Posted by Content Coordinator on Monday, May 9th, 2011



The worsening financial state of the federal, state, and local governments is a frequent subject in media and political circles.  As discretionary expenditures, transportation programs likely face significant changes if they are to cope with spending cuts across all levels of government. These changes would require not only reprioritizing the use of scarce funds, cutting ineffective programs, and improving the performance of remaining programs, but also encouraging states and local partners to find other sources of funding for transportation.

Measuring accessibility is an essential tool in such a makeover because it reveals the benefits of a transportation system.  Accessibility is the ease of reaching valued destinations, such as jobs, shops, schools, entertainment, and recreation. As such, accessibility creates value. Capturing some of this value would allow state and local governments to invest in the operations, maintenance, and in some cases expansion of their transportation networks. Accessibility, as an outcome-oriented metric, can effectively assess transportation’s economic impact, and capturing the value of accessibility would help states and metropolitan areas develop sustainable transportation funding streams.

This study examines accessibility and its importance in assessing transportation performance and in creating a sustainable transportation funding source. It first delineates the concept of accessibility by comparing it with a common transportation performance metric, mobility. The paper then explains how accessibility can help fund transportation through a virtuous circle: infrastructure creates access, access creates value, and value can be captured to fund infrastructure. Although this paper uses evidence mainly from the Minneapolis–St. Paul metropolitan area, the final section provides policy recommendations for all levels of government involved in funding the U.S. transportation system.

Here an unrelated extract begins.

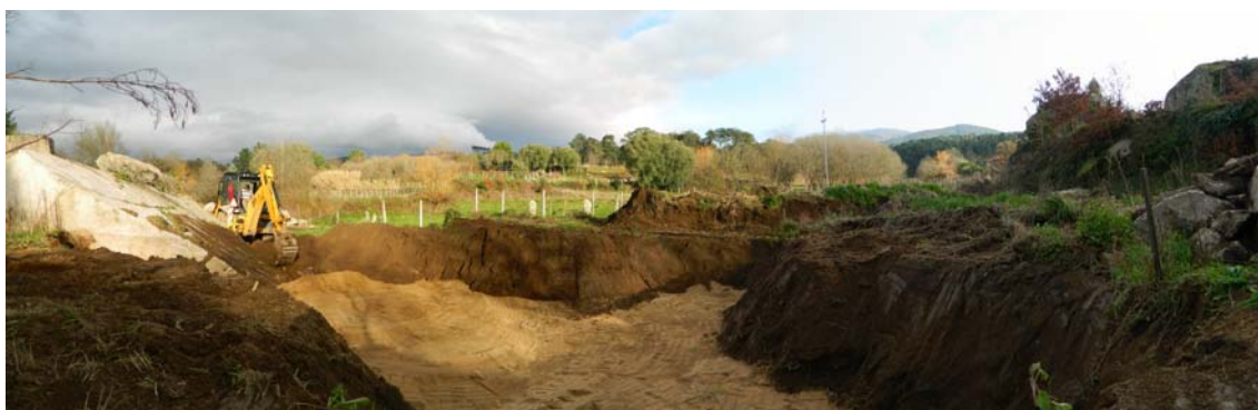
29-01-2013 Limpeza Despedrega e Formalização do Lago Naturalizado

Accessibility may be defined in different ways. However, the goal in measuring it is to use a measure that is clear to all constituents; cumulative from block to neighborhood to city to metropolitan area; comparable on the same scale and across multiple modes; comprehensive across different types of land use; and readily computed with available data. On the basis of these criteria, this study defines accessibility as the number of jobs that can be reached from a location (for example, a residence) by car or transit within 30 minutes during the morning peak hour (7:30 to 8:30 am).

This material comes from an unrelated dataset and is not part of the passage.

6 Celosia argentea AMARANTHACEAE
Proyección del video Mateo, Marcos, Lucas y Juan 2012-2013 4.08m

Accessibility versus Mobility

The transportation problem is often posed as a mobility problem, in terms of ways of moving quickly on networks. As a result, concerns about congestion dominate and words such as “gridlock” pervade the media. Congestion was an important argument when the transportation network was undeveloped and demand far outstripped the road supply. During the past decade, data from the U.S. Federal Highway Administration suggests that the number of vehicle miles travelled (VMT) is flat and VMT per capita is declining, trends similar to those in other industrialized countries. Although the average level of traffic may be largely flat, in fast-growing areas, congestion problems continue to emerge. Value-capture strategies tie economic growth to infrastructure investment, and head off the consequences of inadequate public facilities.

Mobility measures the ease of moving on the network, and the travel time index—the ratio of travel time during congestion (in the peak period) to the travel time in uncongested conditions—is a common mobility proxy. Mobility is a significant issue in understanding how metropolitan areas and their transportation systems function. However, accessibility is a more complete measure because it considers not only mobility, but the other important problem: the location of activities. The concept of accessibility allows us to measure the efficiency of the metropolitan area in its primary role: enabling people to reach other people and places. A simple example illustrates the problem with considering only mobility.

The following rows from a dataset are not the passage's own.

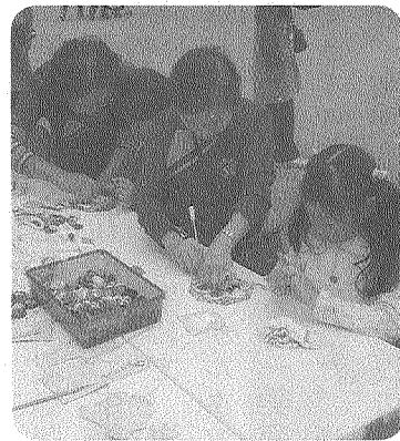
(鍋敷き作りの実演)
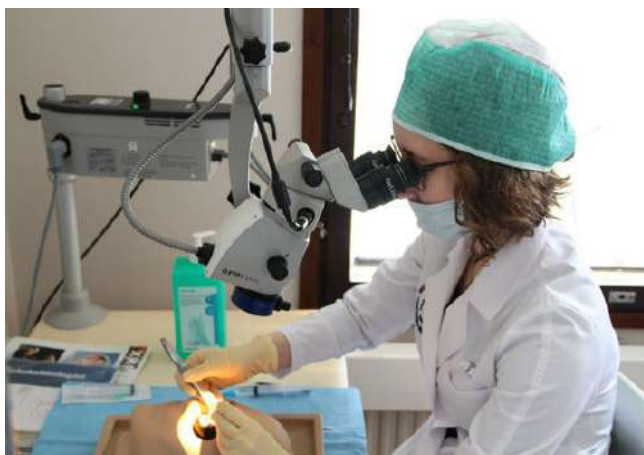
II Всероссийская олимпиада по офтальмологии
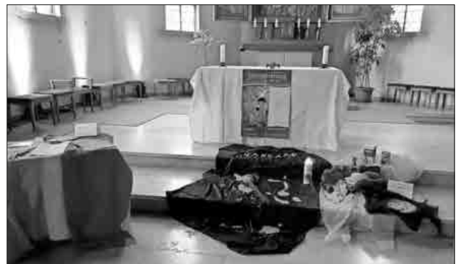
Die Stoffinsel in der Kirche St. Marien in Köndringen.

» Was Sie interessiert, ist für uns wichtig.

Manhattan, Kansas, versus Manhattan, New York. Compare two Manhattans: Kansas and New York. The population of Manhattan, KS, “the Little Apple,” is almost 53,000 people, with a metropolitan area population of 123,000 spanning 1,888 square miles.11 The island of Manhattan, an area of 27.9 square miles, is home to more than 1.6 million people.

In Manhattan, KS, the home to Kansas State University, there is a relatively high network speed with virtually no congestion, which would produce a travel time index of barely above 1. The travel time index for New York–Newark, NY-NJ-CT urbanized area is 1.37, ranking it among the top five cities in the United States. The index would be even higher for the notoriously congested island of Manhattan. This means it takes at least 37 percent longer to travel the same distance in Manhattan, NY, than Manhattan, KS. That said, one can reach many more destinations in the same amount of time in New York because of the high population and job density on the island. In a half-hour drive from an average point in metropolitan New York, one can reach 1.3 million jobs in Manhattan, and even more if one considers transit. From the center of Manhattan, KS, one could reach about 64,000 jobs in 30 minutes. As a result, Manhattan, NY, is more than 20 times as accessible as Manhattan, KS, despite speeds that are, at best, half as fast. The differences in accessibility are reflected in highly dissimilar land prices. For example, the average office rent in Manhattan, NY, was approximately $52 per square foot, while in Manhattan, KS, it was about $10-28 per square foot.

Typically, accessibility and congestion rise together, as more development, a cause of greater accessibility, also causes greater congestion. The evidence shows that it is possible for the accessibility increase from the ability to reach more destinations be larger than the accessibility decline from slower speeds associated with the traffic that development brings. For example, congestion in the Twin Cities region increased from 1995 to 2005, with the number of hours of delay per peak traveler rising from 31 to 43 per year. In the same time, this metropolitan region was more accessible in 2005 than 1995, with more jobs that could be reached in the same amount of time despite the rise in congestion. This joint increase in congestion and accessibility was the result of some additional roadway capacity, more intense use of faster roads, and the movement of jobs to lower-density suburban centers.

The decentralization of employment in Minneapolis–St. Paul, similar to other large metropolitan areas, is the driving force behind these seeming paradoxes of higher congestion and greater accessibility.  The suburbanization of jobs follows decades of suburbanization of people, with most of the region’s new residents moving into suburban locations between 1995 and 2005. An improved balance of accessibility to jobs and workers reflects this convergence phenomenon and indicates that employers respond to accessibility, as determined by network configuration and pre-existing land use (especially residential) (Figure 1). Firms take into account accessibility when they decide where to locate in an effort to be close to labor pools and reduce their labor costs.

The additional roadway capacity and more intense use of faster suburban roads between 1995 and 2005 contributed to a higher average network speed along with rising congestion in the Twin Cities region. When drivers switch from slow roads to faster roads (such as suburban highways) on the same network, the average speeds on each road segment may decline, resulting in congestion, but the overall network speed may nevertheless increase. Table 1 shows this phenomenon.

In Table 1, the speed drops on both links of the network after more drivers switched from the congested road to the faster road, while the system average speed rose to 30 miles per hour from 28. Although both roads got more crowded, the relatively faster route attracted more travelers. This example illustrates what happens in metropolitan areas around the country where the decentralization of employment leads more travelers (and more important, a greater share of travelers) to switch to faster suburban highways from congested urban arterials.